# Bent CPU pins = dead mobo?



## renaw (Jun 19, 2008)

I just wanted to try a new CPU cooler, to compare temperatures. But the Northwoods 2.8 P4 stuck to the old heatsink, and got pulled out with it. A few of the pins got bent a little. I straightened them with tweezers. I've done that before with a different CPU and had no problems after.

Then I got distracted by something else, and left the system on the bench for about a week.

When I re-installed the P4 and the new cooler, the system wouldn't start.
--No beep, no signal to monitor.
--PSU tests good.
--The 5v Standby Power LED on the mobo lights up (it's from an HP d530 Slim Form Factor, #DG781A, made by Asus but they don't support it).
--CPU & chipset heatsinks heat up.
--CPU fan spins.
--Power LED lights up.
--HDD spins, but HDD LED doesn't light except when Power Switch is pressed.
--FDD doesn't spin.
--Shuts down only by holding the power switch down 4 seconds.

I tried putting the old cooler back in, but with the same results.
Then I tried a CMOS battery from a working computer.
I tried it with everything removed but the mobo, then just mobo & ram, then just mobo & HDD, then just mobo & ram & HDD.

I have a spare CPU, a Celeron D340 that worked fine before it was replaced by the P4. So I put that in instead. Same results.

I assume it's a dead motherboard. Yes? Could the bent pins or the forced extraction have killed it? Any ideas?


----------



## linderman (May 20, 2005)

are you sure about the alignment of the cpu / in relation to the golden arrow on the corner of the cpu ..... check your mobo manual

I have seen the cpu pop out of a lot of motherboards similar to what you have described ....... bent pins is the only common problem ........ never seen a motherboard die from that ??????

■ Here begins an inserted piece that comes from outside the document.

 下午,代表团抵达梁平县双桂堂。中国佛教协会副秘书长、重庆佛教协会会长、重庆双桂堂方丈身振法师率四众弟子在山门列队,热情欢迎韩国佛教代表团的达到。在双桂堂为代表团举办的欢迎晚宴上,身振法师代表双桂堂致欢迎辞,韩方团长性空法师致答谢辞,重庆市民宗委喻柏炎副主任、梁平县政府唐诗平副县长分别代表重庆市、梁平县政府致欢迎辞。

I would check your motherboard socket really close with a magnifying glass to check for bent pins ......... also make sure your cpu power plug emanating from the power supply is delivering power to the cpu power socket ?


----------



## linderman (May 20, 2005)

try another power supply I suspect you were getting elevated cpu temps that why you wanted to try another cpu cooler >>>>>>> a bum power supply will make a cpu heat up also / the result of low voltage 

just becasue a PSU can light up the motherboard and some fans doesnt give it a perfect bill of health >>>>>> 

keep us posted on your findings


----------



## linderman (May 20, 2005)

if you end up replacing the motehrboard


have a look on mwave.com / click refurbished / click motherboards


----------



## renaw (Jun 19, 2008)

Thanks for the replies. Some more details:
--The cooler change was just an experiment, to compare the temperatures of two designs in the same system. The CPU was running below 40 with the old one.
--I tested the PSU with a tester that has a socket for the P4's 12v plug.
--The ZIF socket in this board can only take a 478-pin P4 in one position (the arrow corner of the P4 is missing two pins, and the socket has no holes where those 2 pins would go).

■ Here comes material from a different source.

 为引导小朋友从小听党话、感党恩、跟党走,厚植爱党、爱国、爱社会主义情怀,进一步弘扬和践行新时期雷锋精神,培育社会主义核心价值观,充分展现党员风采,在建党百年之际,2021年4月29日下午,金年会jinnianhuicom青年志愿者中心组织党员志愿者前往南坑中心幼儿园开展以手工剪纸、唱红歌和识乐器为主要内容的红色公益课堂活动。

It got worse overnight. When I pressed the power button this morning, nothing happened. This just makes the whole thing more mysterious. It got worse without doing anything. The only change was unplugging it from the AC outlet and then plugging it back in this morning. The mobo LED lit up when I plugged it in, but I guess that just means there's a 5v power source.

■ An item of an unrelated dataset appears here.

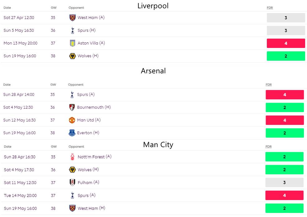 Game difficulty ratings for Liverpool, Arsenal and Man City's remaining games according to Fantasy Premier League.

What was that about checking the motherboard socket for bent pins? I can't see inside it, but two of the holes don't look completely round. Does that suggest a problem, and if so is there something I can do about it?


----------



## linderman (May 20, 2005)

when you check the ziff socket often times you can see small signs of overheating or scorching you cant see this with naked eye

at this point I would have to say PSU or bad motherboard the only way to tell for sure is to use that power supply in another system

unfortunately the power supply testers are not nearly as complete as we would like or expect them to be ....... many times they show and active power delivery but when the amps are actually drawn the unit can fall flat on its face

I have two or three of those laying around the shop >>>> but now ....... I have learned the only way to really test a PSU is connect it to one of my systems and run a cpu stress tester (orthos, Prime 95 or better yet S&M )........ and watch for the shutdown


----------



## renaw (Jun 19, 2008)

Well, I dug out my old 15x magnifier and looked at the CPU socket, and I don't see any signs of heat, so I guess the only thing to do is to try changing the PSU. I'll have to take the one out of this machine that I'm using, which I won't be able to do till the weekend.

I looked at mwave. Thanks for that tip. I see they have an equivalent board for $29, which they say is made by MSI. But MSI denies they ever made a board with that number, or any socket 478 board with a 945 chipset.


----------



## OMGmissinglink (Sep 24, 2006)

bent pins, did you check for missing pins thats easy to miss often times one pin or more broke off in the zif socket..


----------



## renaw (Jun 19, 2008)

Yes, I checked the whole pin set after straightening the bent ones, and again just now with a magnifier. None missing or damaged. Plus I tried a different processor, one that worked in another board. That's what's really puzzling me. If it was the CPU that got damaged I could understand it. But it seems like a dead motherboard.


----------



## linderman (May 20, 2005)

once you have tried another power supply ....... if still no luck / then its motherboard time


----------



## griffin troy (Jul 8, 2008)

I am haveing the same time of prob, only thing is though. I am haveing it with two different motherboards. As well as cpu's. And nothing seams to work.


----------